Data to process:
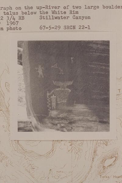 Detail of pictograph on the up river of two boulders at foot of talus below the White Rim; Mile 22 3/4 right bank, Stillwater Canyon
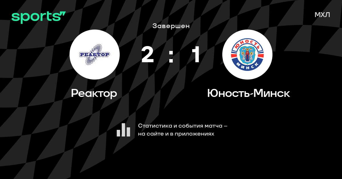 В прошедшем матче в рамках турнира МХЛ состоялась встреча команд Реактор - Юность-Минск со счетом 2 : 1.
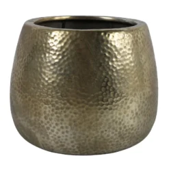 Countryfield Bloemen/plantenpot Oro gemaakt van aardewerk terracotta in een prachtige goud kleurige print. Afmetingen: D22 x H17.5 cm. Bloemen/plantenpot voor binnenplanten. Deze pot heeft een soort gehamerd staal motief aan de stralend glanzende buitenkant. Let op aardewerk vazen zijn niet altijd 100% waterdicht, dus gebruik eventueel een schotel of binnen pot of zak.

* * *

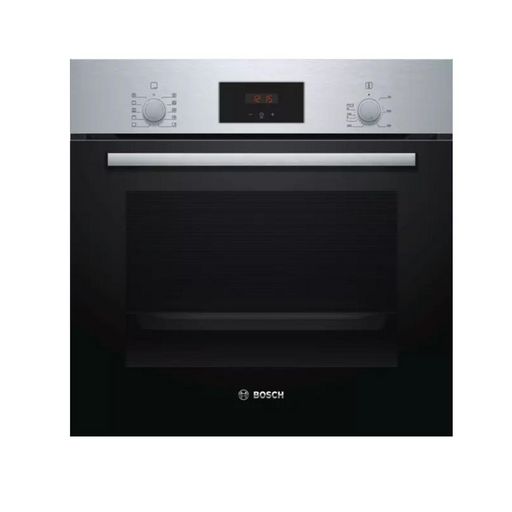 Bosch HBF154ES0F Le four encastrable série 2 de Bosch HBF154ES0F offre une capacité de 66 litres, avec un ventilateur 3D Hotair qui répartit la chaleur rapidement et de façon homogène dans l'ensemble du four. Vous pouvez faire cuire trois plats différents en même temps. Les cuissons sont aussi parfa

==

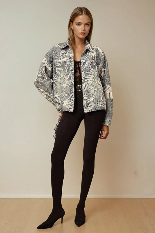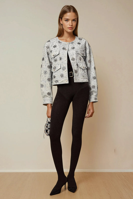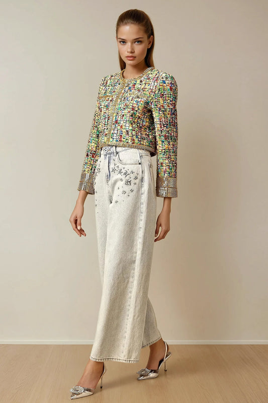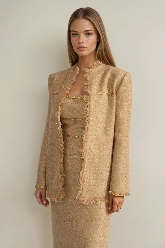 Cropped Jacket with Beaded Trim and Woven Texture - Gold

What the exercise asks: Restate word for word the lines of the data above that begin at the line with "Detail of pictograph" and end at the line with "В прошедшем матче", keeping both ends and dropping every picture.

The answer:
 Detail of pictograph on the up river of two boulders at foot of talus below the White Rim; Mile 22 3/4 right bank, Stillwater Canyon
 В прошедшем матче в рамках турнира МХЛ состоялась встреча команд Реактор - Юность-Минск со счетом 2 : 1.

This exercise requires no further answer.